Excerpts from a dataset
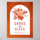 Höstblommor och lövbrända botaniska kort av orange och gåvor från bröllop poster. Den här vackra bröllop-konstruktionen har ett ram på brinnande nedfläckad i orange. I ram finns er text och en bukett med blommor och löv på höst färger.
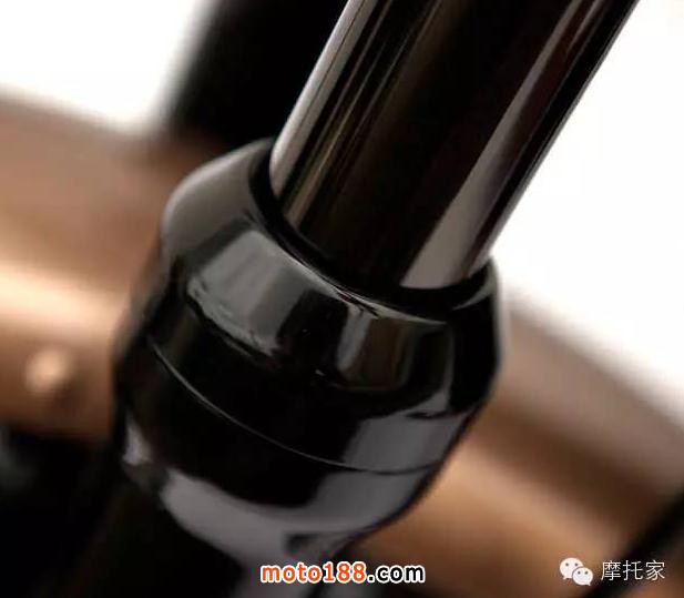 值得一提是該車的黑色電鍍前叉是這輛車改裝設計中的一個亮點,絕對獨樹一幟,Deus的深厚功底瞬間立顯無疑。
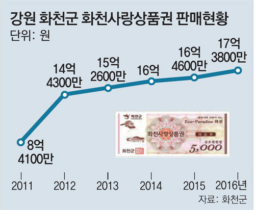 행정자치부는 24일 화천군을 지역사랑상품권 모범 사례 중 하나로 꼽고 상품권 발행을 원하는 다른 지자체를 상대로 컨설팅을 시작했다고 밝혔다. 행자부 관계자는 “축제를 즐기러 방문하는 관광객의 지역 내 소비를 자연스럽게 유발해 풀뿌리 경제 활성화에 큰 도움이 된다”고 설명했다.
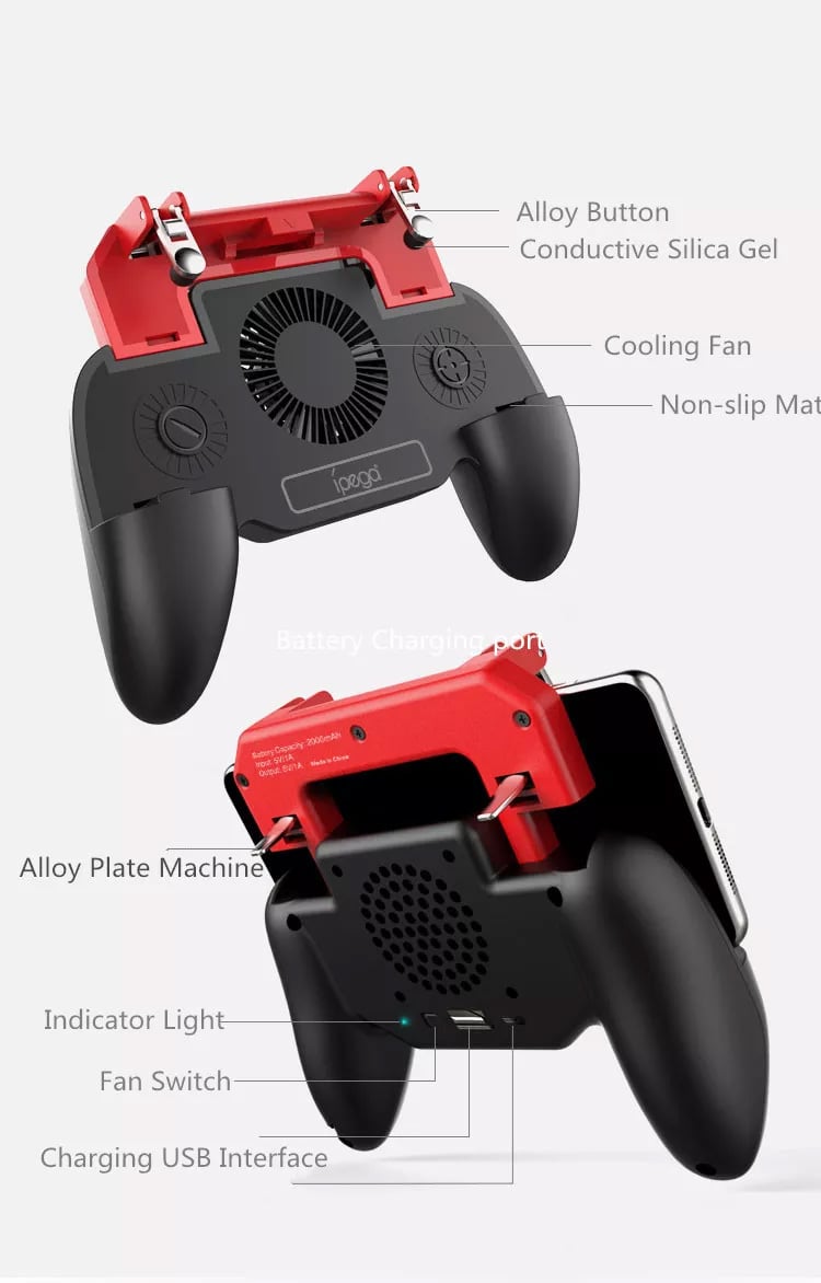 Για όλους εσάς τους fun παιχνιδιών shooting και όχι μόνο, που σας αρέσει να παίζεται παιχνίδια στα smartphones σας, τώρα σας παρουσιάζουμε αυτό το controller Gamepad το οποίο ενσωματώνει μπαταρία 2000mAh powerbank και ανεμιστήρα ψύξης. Ιδανικό για να παίζετε shooting games όπως Pubg & Fortnite που απαιτούν πολλούς χειρισμούς ταυτόχρονα!
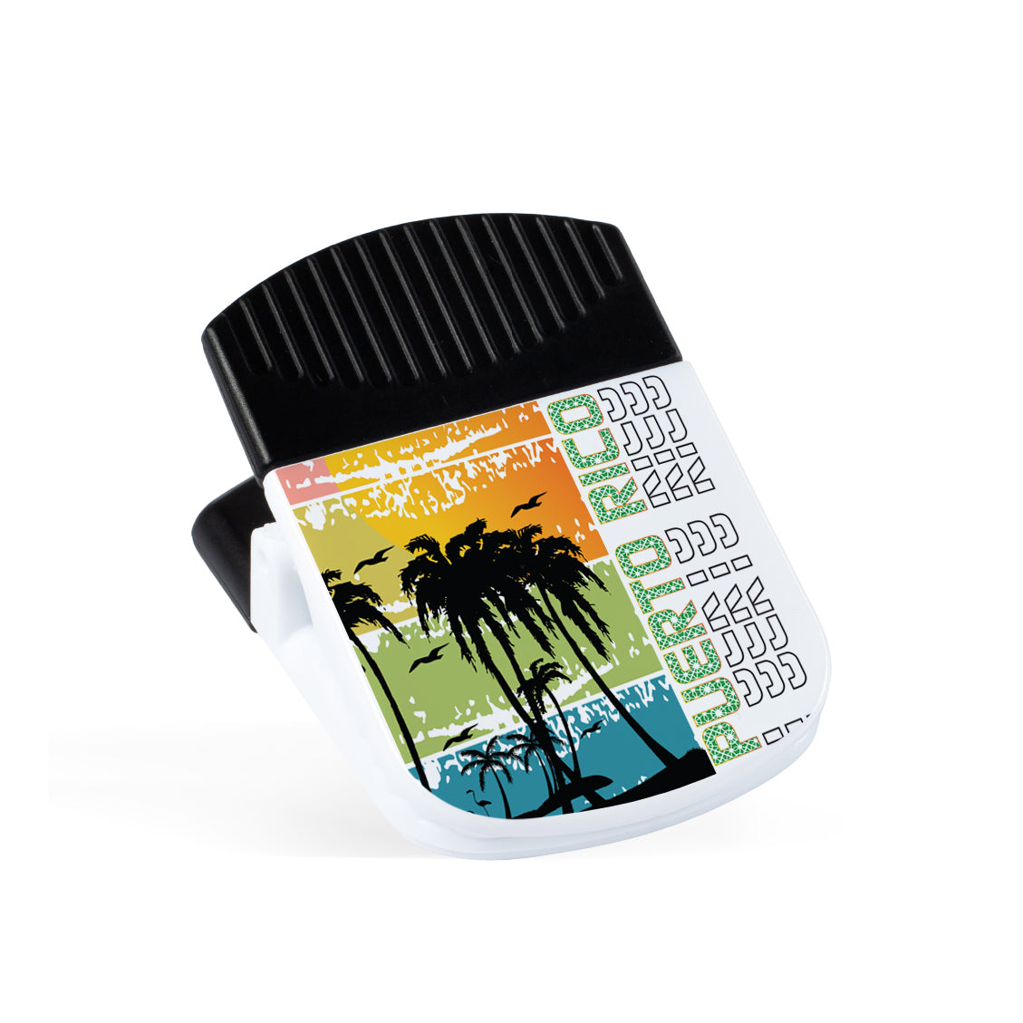 The magnetic clip is perfect as a chip or snack bags clip. It features a heavy-duty, spring-loaded hinge and a strong magnet on the back for added versatility. Imprinted, assembled, and packaged in the USA
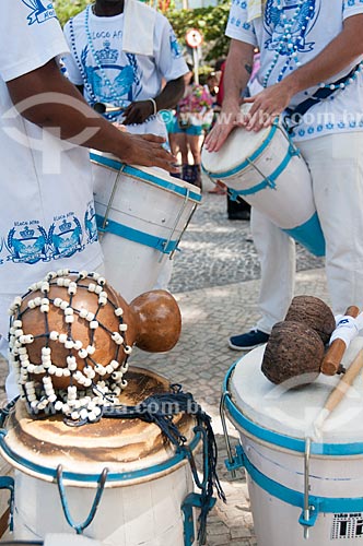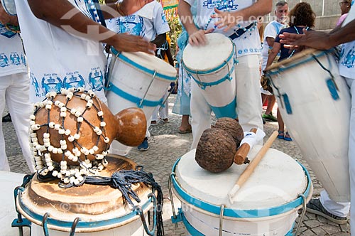Detalhe de xequerê - à esquerda - e agogô - à direita - durante a concentração do bloco de carnaval de rua Afoxé Ilê Alá na Avenida Atlântica - Rio de Janeiro - Rio de Janeiro (RJ) - Brasil
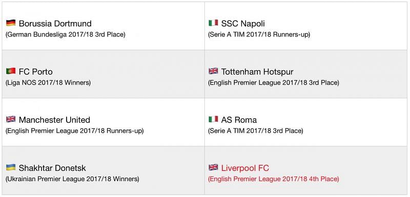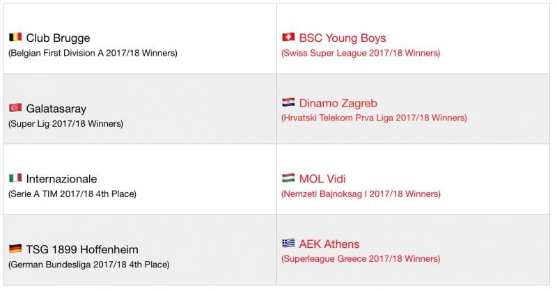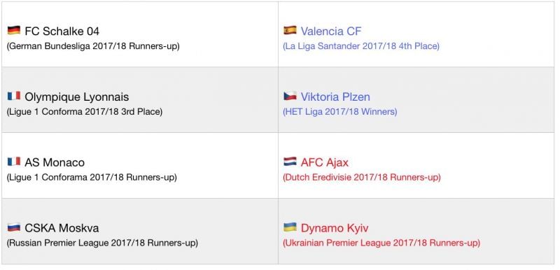 Note that there are only four teams that are confirmed in this pot. Valencia CF and Viktoria Plzen may join this pot based on UEFA's decision, and the other spots are expected to be occupied by the teams highlighted in red above.
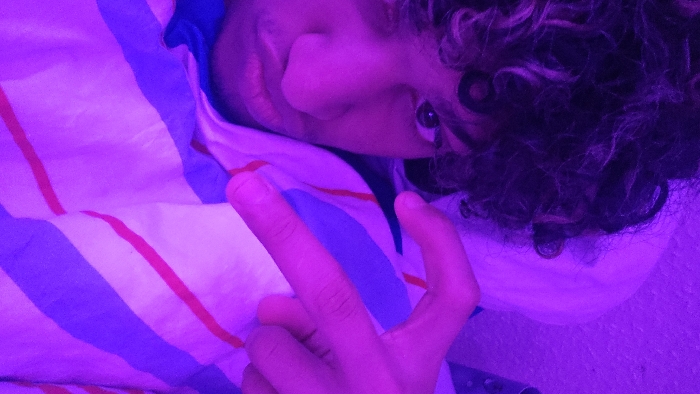 A close-up, artificially illuminated portrait captures an individual indoors, presumed to be in Kamenz - Kamjenc, Germany. The scene is bathed in a pervasive magenta-purple light, saturating all visible elements. The subject, positioned centrally, is visible from the upper chest to the top of the head, with the face turned slightly towards the left. Distinct dark, curly hair frames the upper left portion of the head. The left eye, nose, and part of the mouth are discernible, with facial features obscured by the intense purple light. The individual is wearing or partially covered by a fabric featuring prominent horizontal stripes of white, blue, and red. The subject's right hand is raised, with the index finger and thumb extended, forming a gesture, while the other fingers are curled. The extended index finger points towards the lower-left. A white surface, consistent with bedding or a pillow, is partially visible behind the subject's head. The immediate environment is an interior space, likely a room, with no further specific details discernible due to the close crop and lighting conditions.
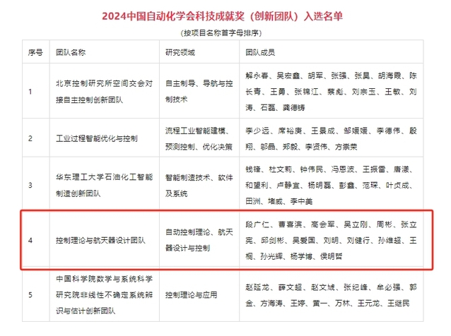 近日,2024中国自动化学会科技成就奖评审结果揭晓。皇冠博彩网址 控制理论与航天器设计团队荣获2024中国自动化学会科技成就奖(创新团队)。此次共评选出科技成就奖(创新团队)5项、科技成就奖(个人)2项。
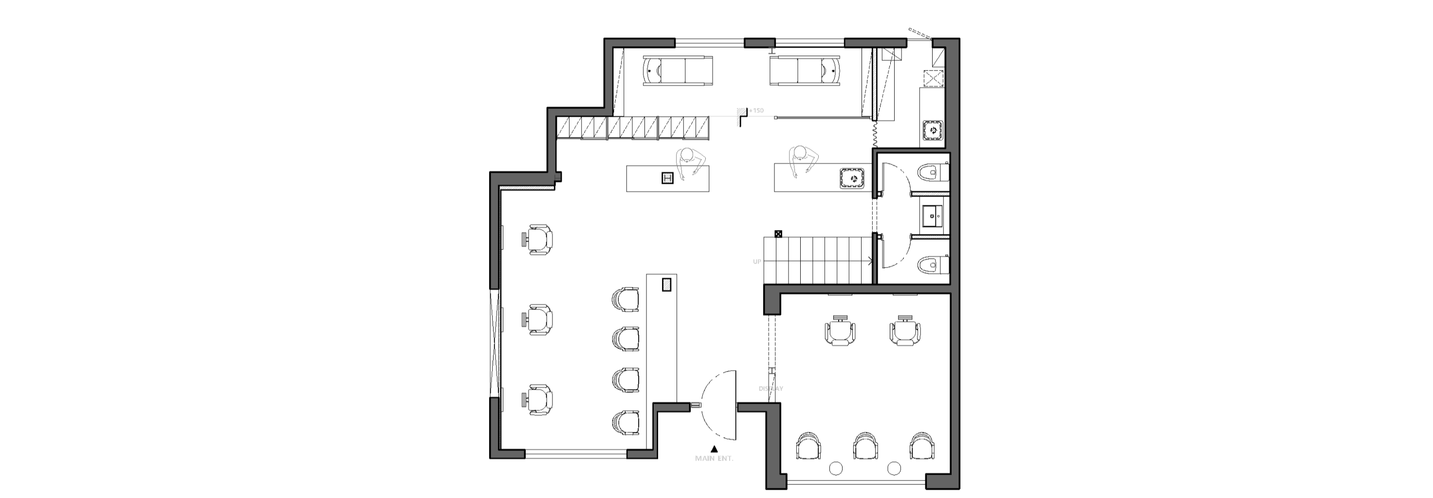 이 프로젝트는 오랜 세월을 간직한 단독주택을 개조한 형태로, 과거의 흔적과 현재의 디자인이 조화를 이루도록 설계되었다. 철거 과정에서 드러난 조적 기둥은 의도적으로 남겨졌으며, 이를 감싸는 맞춤 테이블이 함께 배치되어 서로 다른 물성의 공존을 시각적으로 드러낸다. 이러한 디테일은 브랜드가 지향하는 ‘엮임’의 개념을 공간 속에 자연스럽게 녹여낸다.
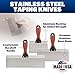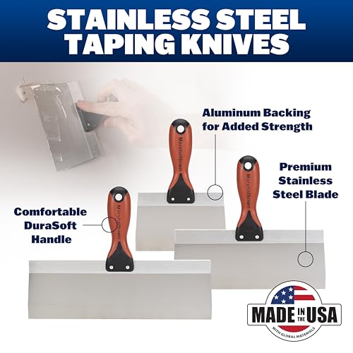 - COMPLETE KIT: Set of 5 professional drywall finishing spatulas with 6", 8", 10", 12" and 14" blades for all your drywall finishing needs., PREMIUM CONSTRUCTION: Tempered stainless steel blades with aluminum backing plates provide optimal flexibility for precise cuts while maintaining shape., ERGONOMIC DESIGN: DuraSoft handles ensure a comfortable grip and reduce fatigue during prolonged use while maintaining excellent control., VERSATILE APPLICATION: Perfect for applying and smoothing putty, finishing drywall joints, and general drywall repairs.
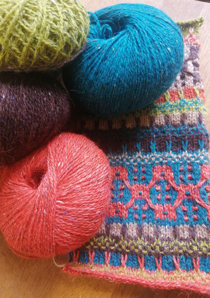 Lisa Richardson's Slipstitch Bag is worked in five shades of Rowan Felted Tweed.
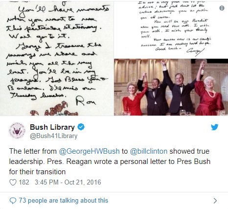 后来,老布什便将此延续, 离任时给克林顿这位民主党派的政治对手写了信,表示支持。所以, 留信传统在美国也只是近30年的事情, 但这种向对手表达友情的方式,意义深刻, 鼓舞民心。
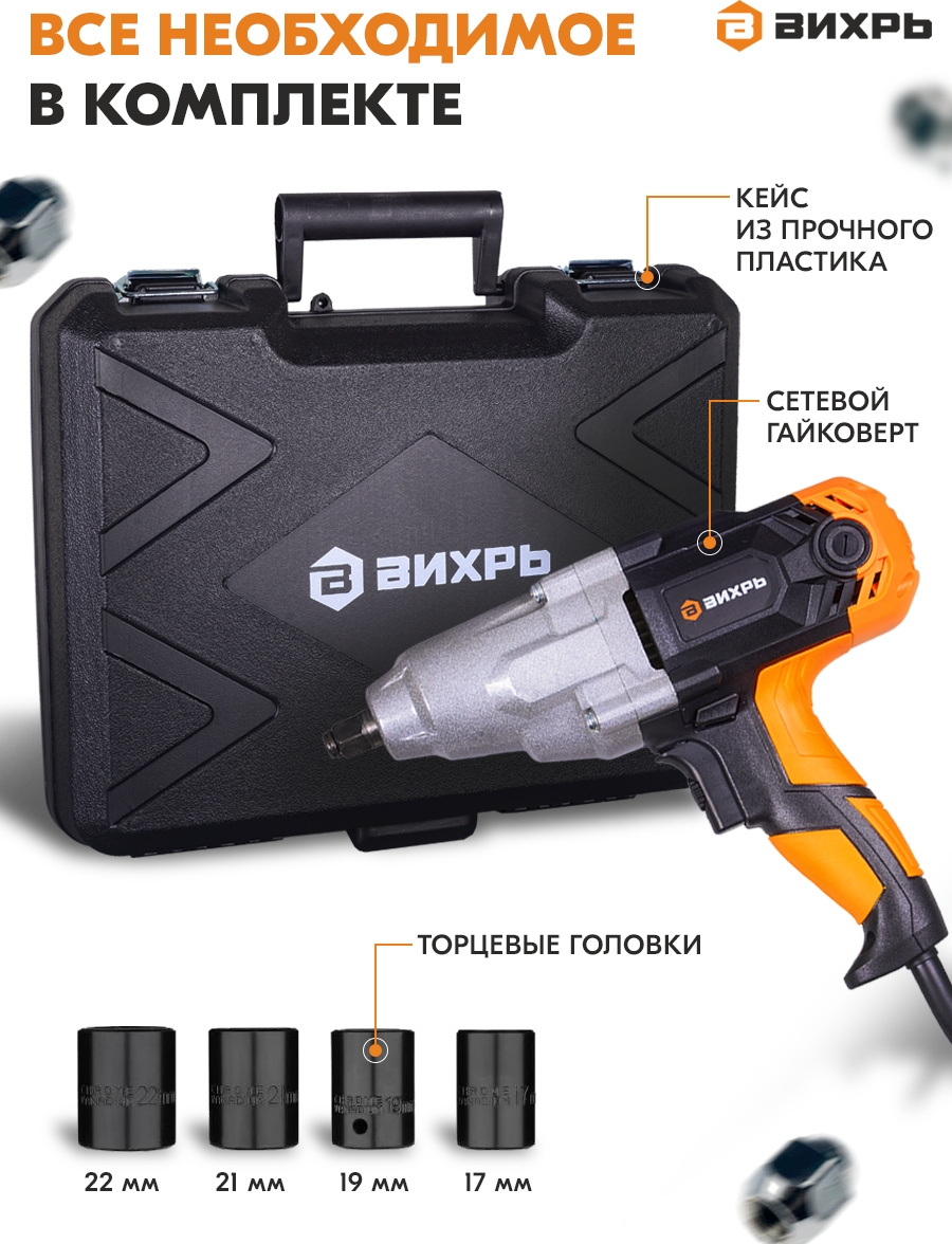 | Комплект поставки | Жесткий кейс в комплекте; так как в основном гайковёрт применяется при шиномонтаже, то вся необходимая оснастка имеется сразу в комплекте (4 самые популярные торцевые головки) |
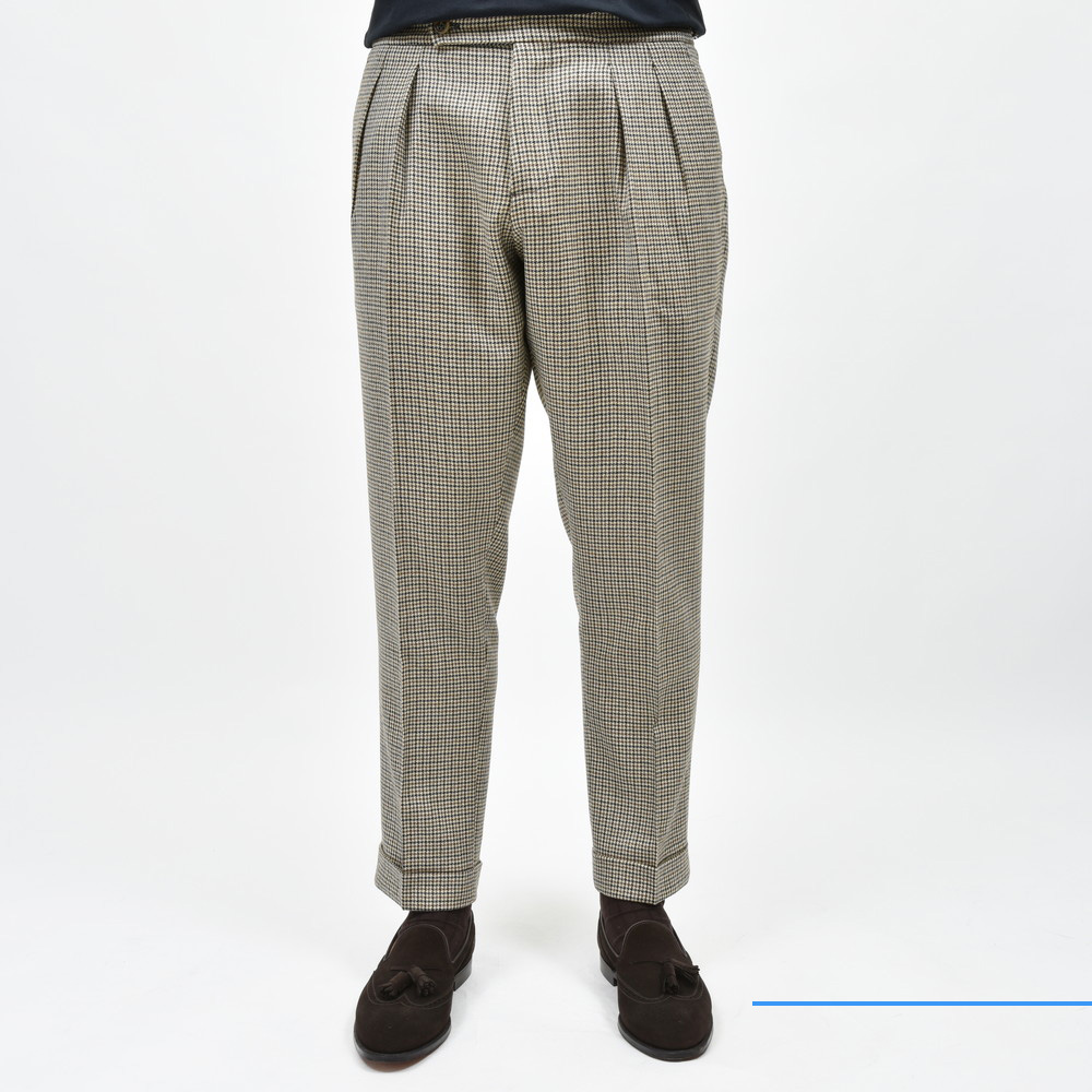 SCOTCHスコッチ ウールサキソニーガンクラブチェック2インプリーツテーパードクロップドパンツ CA1034 13042600039

Exercise directions →
Among the entries above, take the lines from the one with "Lisa Richardson's Slipstitch" through the one with "留信传统在美国也只是近30年的事情, 但这种向对手表达友情的方式,意义深刻, 鼓舞民心。" and retype them exactly, leaving out the pictures.

Reply to the exercise →
 Lisa Richardson's Slipstitch Bag is worked in five shades of Rowan Felted Tweed.
 后来,老布什便将此延续, 离任时给克林顿这位民主党派的政治对手写了信,表示支持。所以, 留信传统在美国也只是近30年的事情, 但这种向对手表达友情的方式,意义深刻, 鼓舞民心。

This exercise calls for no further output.